File "pandas/_libs/parsers.pyx", line 891, in pandas._libs.parsers.TextReader._read_low_memory

File "pandas/_libs/parsers.pyx", line 945, in pandas._libs.parsers.TextReader._read_rows

File "pandas/_libs/parsers.pyx", line 932, in pandas._libs.parsers.TextReader._tokenize_rows

File "pandas/_libs/parsers.pyx", line 2112, in pandas._libs.parsers.raise_parser_error pandas.errors.ParserError: Error tokenizing data. C error: Expected 2 fields in line 72, saw 3

My data

data, label
bought noon <product> provence <product> shop givors moment <price> bad surprise <time> made account price <price> catalog expect part minimum refund difference wait read brief delay, refund

parcel ordered friend n still not arrive possible destination send back pay pretty unhappy act gift birth <date> status parcel n not moved weird think lost stolen share quickly solutions can send gift both time good <time>, call

ordered <product> coat recovered calais city europe shops n not used assemble parties up <time> thing done <time> bad surprise parties not aligned correctly can see photo can exchange made refund man, annulation

note <time> important traces rust articles come to buy acting carrying elements going outside extremely disappointed wish to return together immediately full refund indicate procedure sabrina beillevaire <phone_numbers>, refund

note <time> important traces rust articles come to buy acts acting bearing elements going outside extremely disappointed wish to return together immediately full refund indicate procedure <phone_numbers>, annulation

request refund box jewelry arrived completely broken box n not protected free delivery directly packaging plastic item fragile cardboard box <product> interior shot cover cardboard torn corners <product> completely broken, call
marin
  • 923
  • 2
  • 18
  • 26
  • 1
    How does `train.csv` look – Sruthi Aug 17 '18 at 11:38
  • 3
    Possible duplicate of [Python Pandas Error tokenizing data](https://stackoverflow.com/questions/18039057/python-pandas-error-tokenizing-data) – tif Aug 17 '18 at 11:39
  • @SruthiV It is a two-column file, one is the text and the other is the label Exemple: data,label – marin Aug 17 '18 at 11:52
  • 1
    There is some issue with the structure of the csv file.Have you tried `pd.read_csv('train.csv',error_bad_lines=False)`. – Hari Krishnan Aug 17 '18 at 12:07

1 Answers1

1

Can you try to reproduce the same error with a clean code? Yours contain a few mistakes, and unnecessary lines. We also need a sample of your data that helps reproduce the error otherwise we won't be able to help.

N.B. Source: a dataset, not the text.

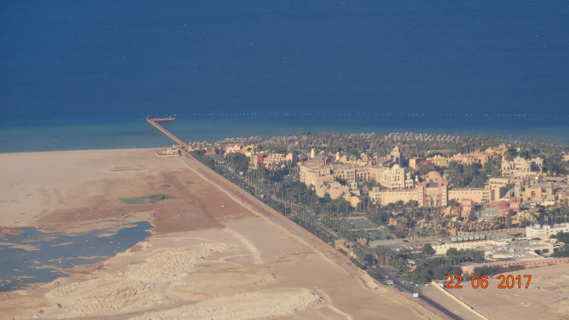 AusblickVom Kabinenfenster unseres A321, während des Anfluges auf Hurghada, ist das Makadi Palace Hotel sehr gut zu erkennen. Das Hotel liegt rechts nahe der Bildmitte und zudem ist auch der dazugehörige Steg zum Schnorcheln am Hausriff gut zu erkennen.

Here is what I assume is you are trying to do, please try to launch it with your data and tell us if you still obtain the same error:

import pandas as pd
from sklearn import svm
from sklearn.model_selection import train_test_split
from sklearn.feature_extraction.text import CountVectorizer, TfidfTransformer

dataset = pd.DataFrame({'data':['A first sentence','And a second sentence','Another one','Yet another line','And a last one'],
                    'label':[1,0,0,1,1]})
data = dataset['data']
labels = dataset['label']

X_train, X_test, y_train, y_test = train_test_split (data, labels, test_size = 0.2, random_state = 0)


vecteur = CountVectorizer()
tfidf = TfidfTransformer()

X_train_counts = vecteur.fit_transform(X_train)
X_train_tfidf = tfidf.fit_transform(X_train_counts)
X_test_tfidf = tfidf.transform(vecteur.transform(X_test))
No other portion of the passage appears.